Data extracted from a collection
=-=-=-=-=

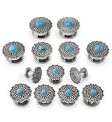 Screw back tunnels plugs with an ornamental design around a synthetic howlite turquoise stone. Made from 316L stainless steel. Available sizes: 2G (6mm), 0G (8mm), 00G (10mm), 7/16" (11mm), 1/2" (12mm), 9/16" (14mm), 5/8" (16mm). Full Length: 12mm X Wearable area: 8mm. Sold in pairs (2pcs).
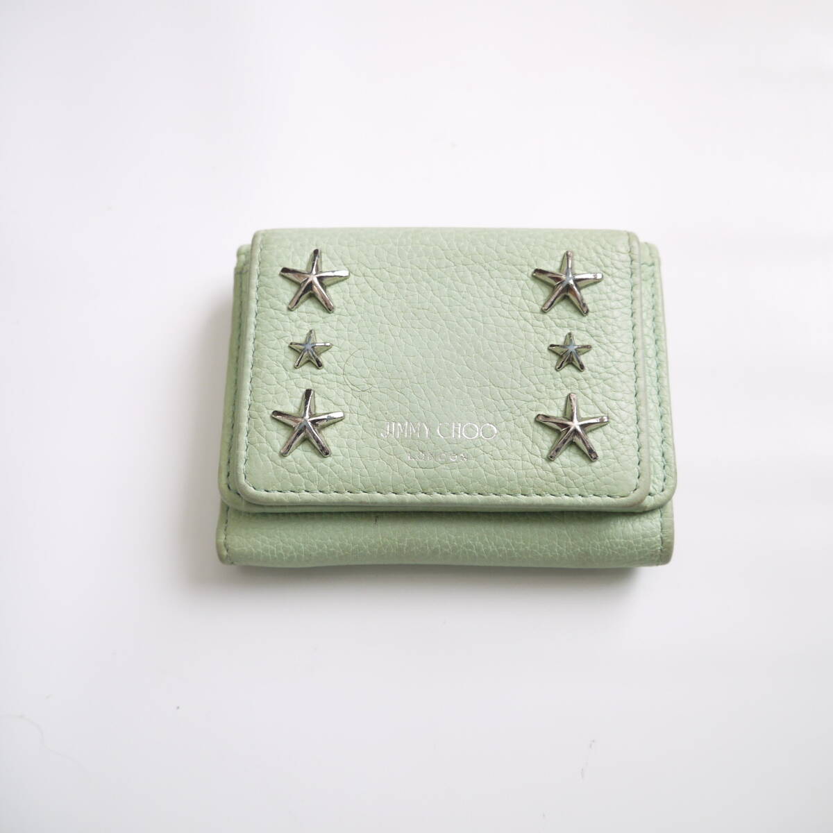 > $ 美品 $ 激レア◆ JIMMY CHOO ◆ ジミーチュウ ◆ NEMO UUF 星 スター モチーフ スタッズ付き レザー◆ 3つ折り 財布 ◆ ミントグリーン系
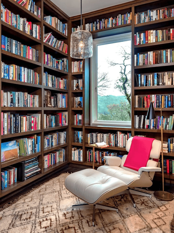 An elegant retreat for serious readers, this floor-to-ceiling library nook combines rich wooden shelves with a classic Eames-style lounger for timeless comfort. The large window floods the room with natural light, while layered books and sculptural lighting keep the space both functional and stylish. The cream leather chair paired with a magenta throw adds modern sophistication to the cozy, carpeted setting.
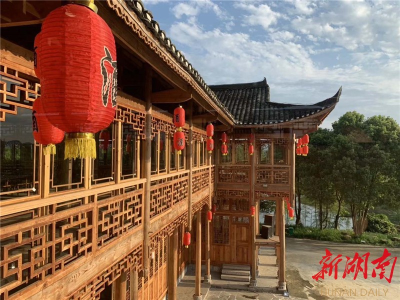 清澈的湖面倒映着蓝天白云,酒肆的灯笼像是顽童一般吊在屋檐之下,居高临下地眺望着这如画的美景。
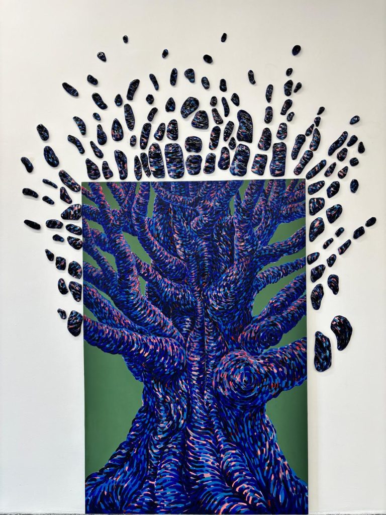 Oil on canvas, 184×122 cm + Glazed ceramic installation, 250×270 cm
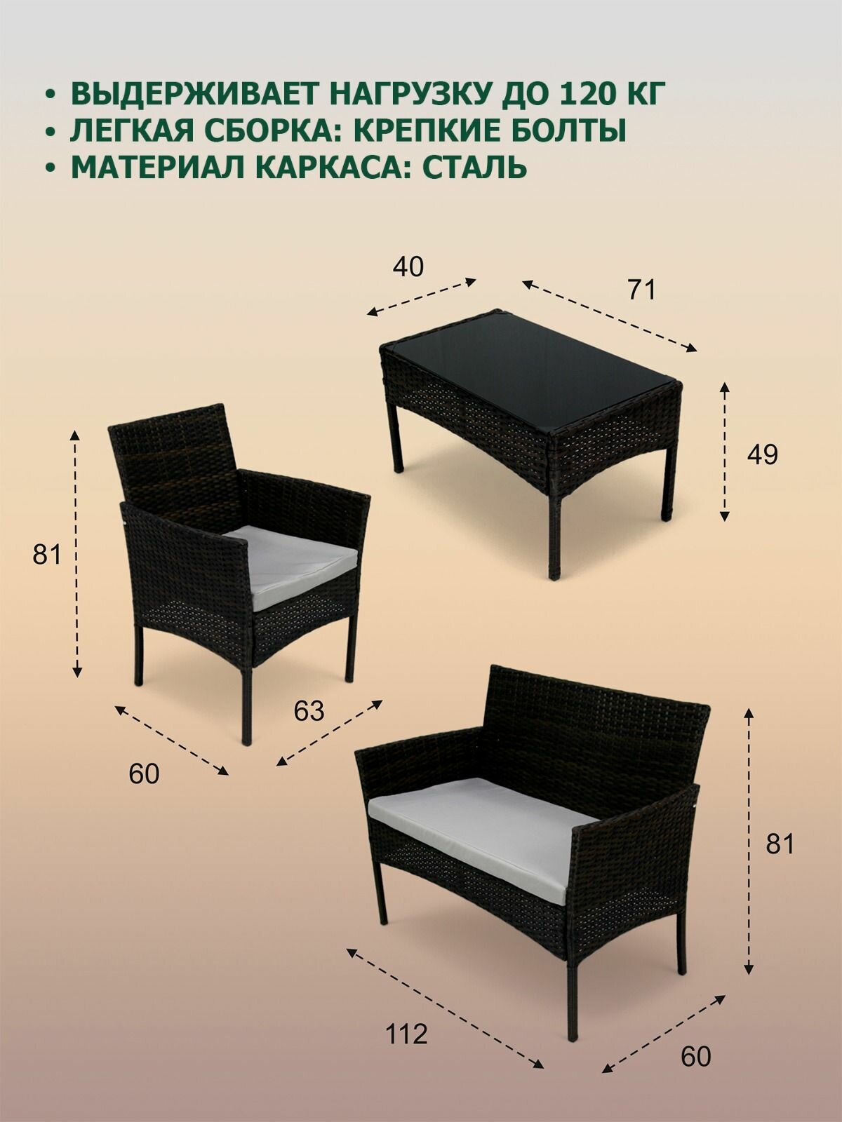 Мебель данной конструкции легко сочетать с другими элементами декора, что позволяет создать уникальную атмосферу в вашем саду или на даче. Благодаря качественным материалам и продуманному дизайну, этот гарнитур подходит не только для использования на улице, но и для внутреннего использования, например, в комнатах или на лоджии.
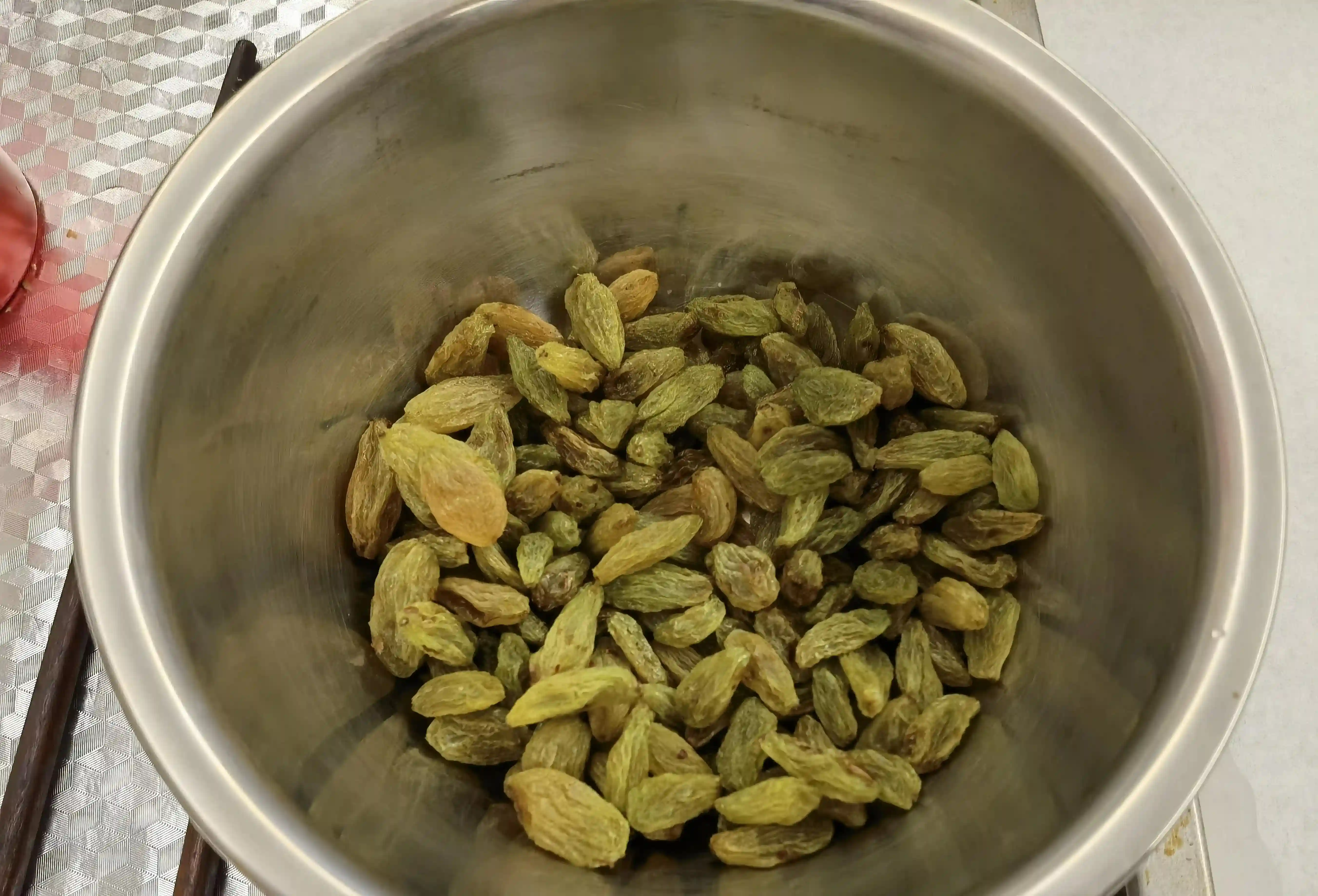 2、洗葡萄干:抓一把葡萄干,湿水洗净,用厨房用纸吸干水份。
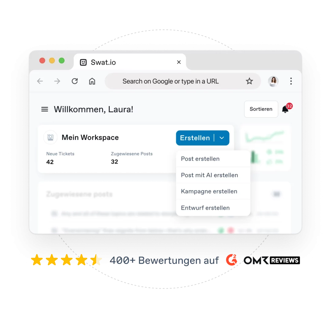 Statt unzähligen offenen Seiten und umständlichen Workflows kannst du in Swat.io direkt die Plattformen und Tools nutzen, die du täglich brauchst. Spar dir lokales Abspeichern von Dateien oder lange Dokumente mit Login-Daten und schaffe mehr Platz für die spannenden Aspekte deiner Arbeit.
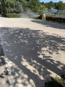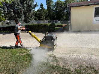 Nun wurde im Auftrag der Verbandsgemeinde von einem Bauunternehmen Kalksplitt geliefert, eingebaut und verdichtet, so dass der Parkplatz gut nutzbar ist.

=-=-=-=-=

• **INSTRUCTIONS TO FOLLOW**
All that should appear in the answer is the lines above from the line with "2、洗葡萄干:抓一把葡萄干,湿水洗净,用厨房用纸吸干水份。" through the line with "Statt unzähligen offenen", retyped exactly, pictures left out.

• **PROBLEM SOLUTION**
 2、洗葡萄干:抓一把葡萄干,湿水洗净,用厨房用纸吸干水份。
 Statt unzähligen offenen Seiten und umständlichen Workflows kannst du in Swat.io direkt die Plattformen und Tools nutzen, die du täglich brauchst. Spar dir lokales Abspeichern von Dateien oder lange Dokumente mit Login-Daten und schaffe mehr Platz für die spannenden Aspekte deiner Arbeit.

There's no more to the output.